(Bloomberg News) MF Global Holdings Ltd. Chief Executive Officer Jon Corzine knew that the company made a loan out of segregated customer accounts before it went bankrupt, CME Group Inc. chairman Terrence Duffy told the Senate yesterday.

Duffy, whose company is MF Global's regulator and principal exchange, faced questions about a shortfall of some $1.2 billion in missing customer funds. CME and Commodity Futures Trading Commission staff had been told a discrepancy existed in the customer funds, which by law are required to be kept separate from company funds.

On Oct. 31, the day MF Global filed the eighth-largest bankruptcy in U.S. history, "a CME auditor also participated in a phone call with senior MF Global employees, wherein one employee indicated that Mr. Corzine knew about the loans that it had made for the customer -- from the customer segregated accounts," Duffy said today.

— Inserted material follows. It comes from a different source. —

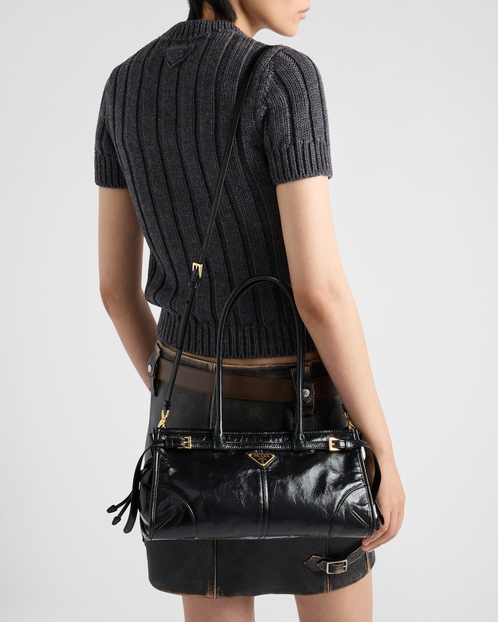 This pragmatic and refined handbag is made of soft leather with a glossy finish that emphasizes its versatile, modern allure. The geometric design blends different influences into one style with a distinctive but sleek aesthetic. Embellished by the sophisticated strap detail, the rectangular silhouette has zipper pockets inside. The enameled metal triangle logo completes the look with its iconic signature.

Corzine in earlier testimony said that he couldn't explain why money was missing from customer accounts, and that he had been surprised to find out that money was missing from customer accounts on the night of Sunday Oct. 30.

The loan may have been for $175 million to a European affiliate of MF Global, Duffy said. He said he believed the loan was made from customer segregated accounts in the last few days before the bankruptcy filing. Duffy didn't say whether Corzine learned of the loans in advance of the funds being moved. He also didn't say whether the loans were a legitimate use of customer accounts.

Recently Aware

"We were told by MF Global that they transferred money to the broker dealer, 'stop looking for the accounting error,'" Duffy said. He said he was only made aware of the new information last Saturday.

Duffy's testimony follows that of Corzine and other top executives, who said today they couldn't explain the shortfall. Several members of the Senate who asked questions said it was unbelievable that the top executives couldn't explain the absence of such large funds from customer accounts.

MF Global Inc.'s customers may be able to reach its parent company's assets to help pay for their shortfall, said James Giddens, the trustee in charge of liquidating the broker-dealer. Giddens said the shortfall in segregated accounts is still estimated to be $1.2 billion or more.

"I don't think we're magically going to come to a pot of gold at the end of the rainbow," Giddens told the Senate.